Episode 3: Performance Comparison of Native GPU to Virtualized GPU and Scalability of Virtualized GPUs for Machine Learning

In our third episode of machine learning performance with vSphere 6.x, we look at the virtual GPU vs. the physical GPU. In addition, we extend the performance results of machine learning workloads using VMware DirectPath I/O (passthrough) vs. NVIDIA GRID vGPU that have been partially addressed in previous episodes:

Machine Learning with Virtualized GPUs

Performance is one of the biggest concerns that keeps high performance computing (HPC) users from choosing virtualization as the solution for deploying HPC applications despite virtualization benefits such as reduced administration costs, resource utilization efficiency, energy saving, and security. However, with the constant evolution of virtualization technologies, the performance gaps between bare metal and virtualization have almost disappeared, and, in some use cases, virtualized applications can achieve better performance than running on bare metal because of the intelligent and highly optimized resource utilization of hypervisors. For example, a prior study [1] shows that vector machine applications running on a virtualized cluster of 10 servers have a better execution time than running on bare metal.

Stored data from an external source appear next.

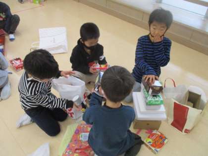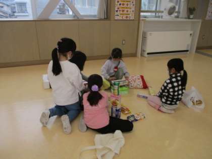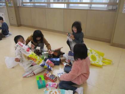算数で持ってきた箱を使って、みんなで形遊びをしました。
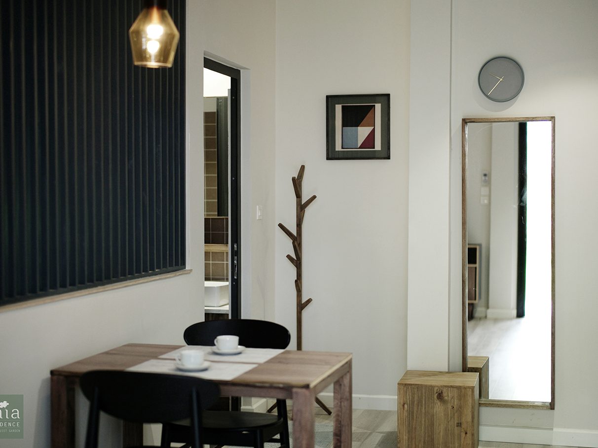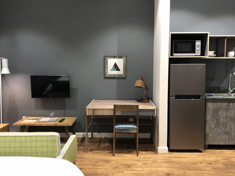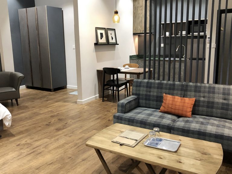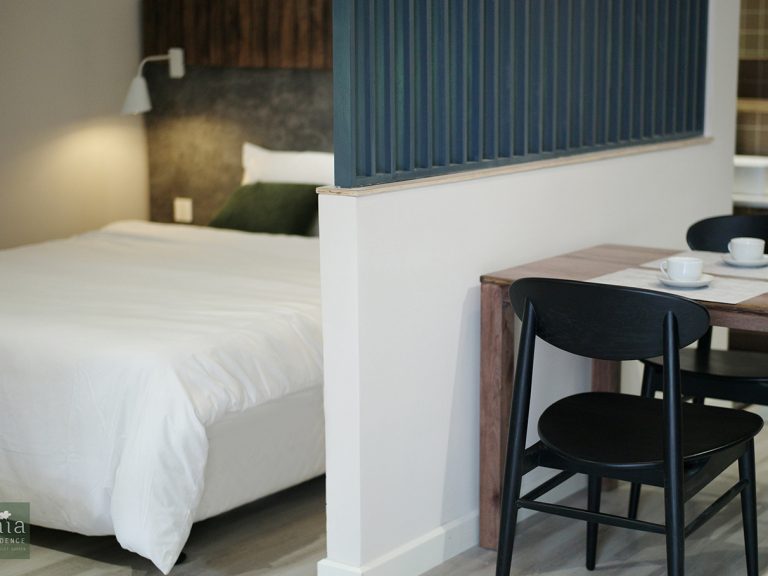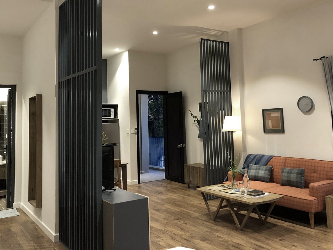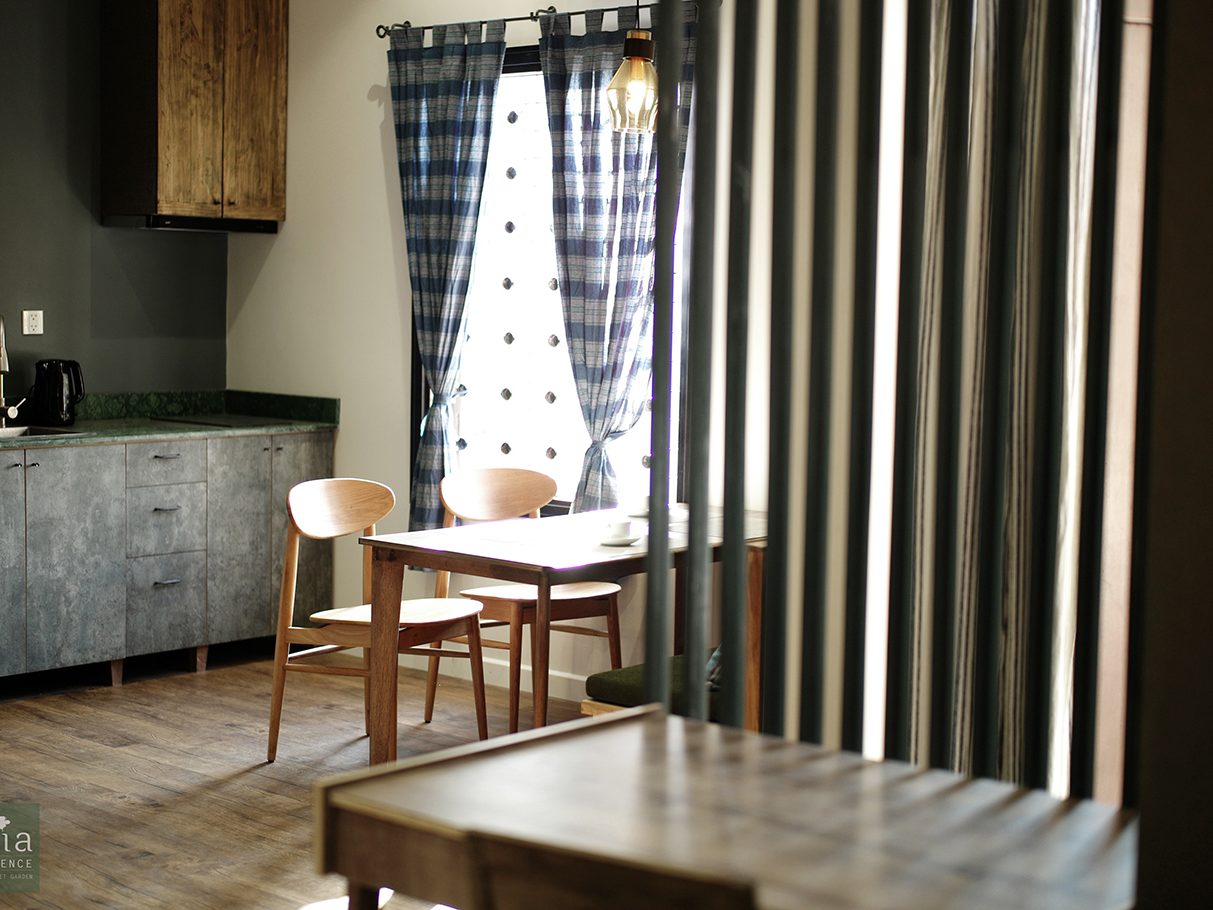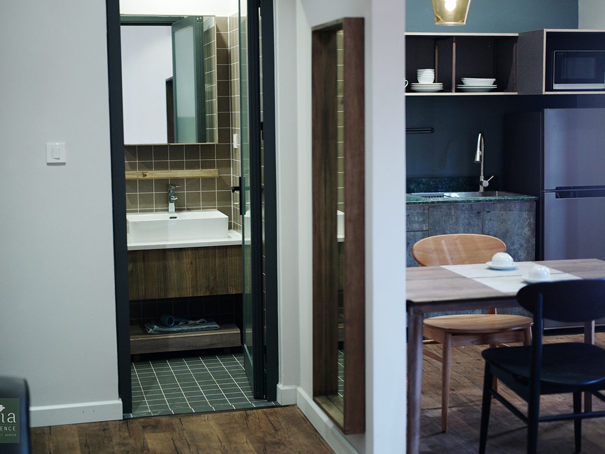 Each room featured by a private balcony, overlooking the green garden view, a well-equipped kitchen, and a custom writing desk pairing with a wide variety of armchairs and sofas, provides a relaxing yet cozy & homelike-feeling living space.
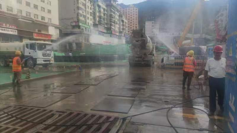 為確保大氣污染防治工作落到實處,增強項目參建人員大氣污染治理防范意識,保證項目建設(shè)順利進行,四公司主要領(lǐng)導(dǎo)靠前指揮,與蘭州市環(huán)保局、城市執(zhí)法局、質(zhì)監(jiān)站等單位溝通協(xié)調(diào),結(jié)合項目地處鬧市區(qū)實際,制定大氣污染防治措施,并組織項目部全體人員召開大氣污染整治專題會議,對大氣污染防治工作的相關(guān)要求進行部署和落實。一是全面落實公司各項決策部署和子(分)公司《關(guān)于進一步加強施工大氣污染管理工作的通知》要求,提高思想認(rèn)識,轉(zhuǎn)變工作作風(fēng),落實工作職責(zé),切實抓緊抓實抓好各項措施落實落細(xì),以實際舉措防治大氣污染,確??諝赓|(zhì)量持續(xù)改善。二是加強宣傳引導(dǎo),發(fā)揮黨建工作引領(lǐng)作用,提高政治站位,緊盯目標(biāo)任務(wù),突出重點工作,堅持目標(biāo)導(dǎo)向,劃分責(zé)任區(qū),責(zé)任到人,強化考核問效,為安全文明施工生產(chǎn)提供保障。三是狠抓揚塵治理。各參建員工要牢固樹立大局意識,責(zé)任意識、擔(dān)當(dāng)意識,嚴(yán)格落實“六個百分百”要求,齊抓共管,加強施工現(xiàn)場、道路揚塵管控,督促各施工作業(yè)隊文明施工,嚴(yán)格落實各項防塵抑塵降塵措施,促進項目建設(shè)順利推進。四是加大揚塵污染治理物資設(shè)備的投入。項目部在施工周邊居民樓上安裝噴淋系統(tǒng)噴霧降塵,施工現(xiàn)場發(fā)泡機噴水抑制塵土飛揚,有效減少揚塵污染。施工場區(qū)道路、加工區(qū)地面進行硬化處理,裸露場地進行全覆蓋,鉆孔泥漿自然脫水固化后及時使用封閉式運輸車輛外運。車輛出入口安裝車輛自動沖洗裝置,專人負(fù)責(zé),檢查車輛外部、底盤、輪胎處不得沾有污物和泥土,嚴(yán)禁車輛帶泥上路。五是加大巡查和預(yù)防力度。項目部安排專人加強對揚塵污染源的巡查和檢測,不定時進行場地清潔、灑水,及時處理揚塵污染問題。

Virtual GPU vs. Physical GPU

To understand the performance impact of machine learning with GPUs using virtualization, we used a complex language modeling application—predicting next words given a history of previous words using a recurrent neural network (RNN) with 1500 Long Short Term Memory (LSTM) units per layer, on the Penn Treebank (PTB) dataset [2, 3], which has:

  • 929,000 training words
  • 73,000 validation words
  • 82,000 test words
  • 10,000 vocabulary words

We tested three cases:

  • A physical GPU installed on bare metal (this is the “native” configuration)
  • A DirectPath I/O GPU inside a VM on vSphere 6
  • A GRID vGPU (that is, an M60-8Q vGPU profile with 8GB memory) inside a VM on vSphere 6

The VM in the last two cases has 12 virtual CPUs (vCPUs), 60GB RAM, and 96GB SSD storage.

The benchmark was implemented using TensorFlow [4], which was also used for the implementation of the other machine learning benchmarks in our experiments. We used CUDA 7.5, cuDNN 5.1, and CentOS 7.2 for both native and guest operating systems. These test cases were run on a Dell PowerEdge R730 server with dual 12-core Intel Xeon Processors E5-2680 v3, 2.50 GHz sockets (24 physical core, 48 logical with hyperthreading enabled), 768 GB memory, and an SSD (1.5 TB). This server also had two NVIDIA Tesla M60 cards (each has two GPUs) for a total of 4 GPUs where each had 2048 CUDA cores, 8GB memory, 36 x H.264 video 1080p 30 streams, and could support 1–32 GRID vGPUs whose memory profiles ranged from 512MB to 8GB. This experimental setup was used for all tests presented in this blog (Figure 1, below).

Figure 1. Testbed configurations for native GPU vs. virtual GPU comparison

The results in Figure 2 (below) show the relative execution times of DirectPath I/O and GRID vGPU compared to native GPU. Virtualization introduces a 4% overhead—the performance of DirectPath I/O and GRID vGPU are similar. These results are consistent with prior studies of virtual GPU performance with passthrough where overheads in most cases are less than 5% [5, 6].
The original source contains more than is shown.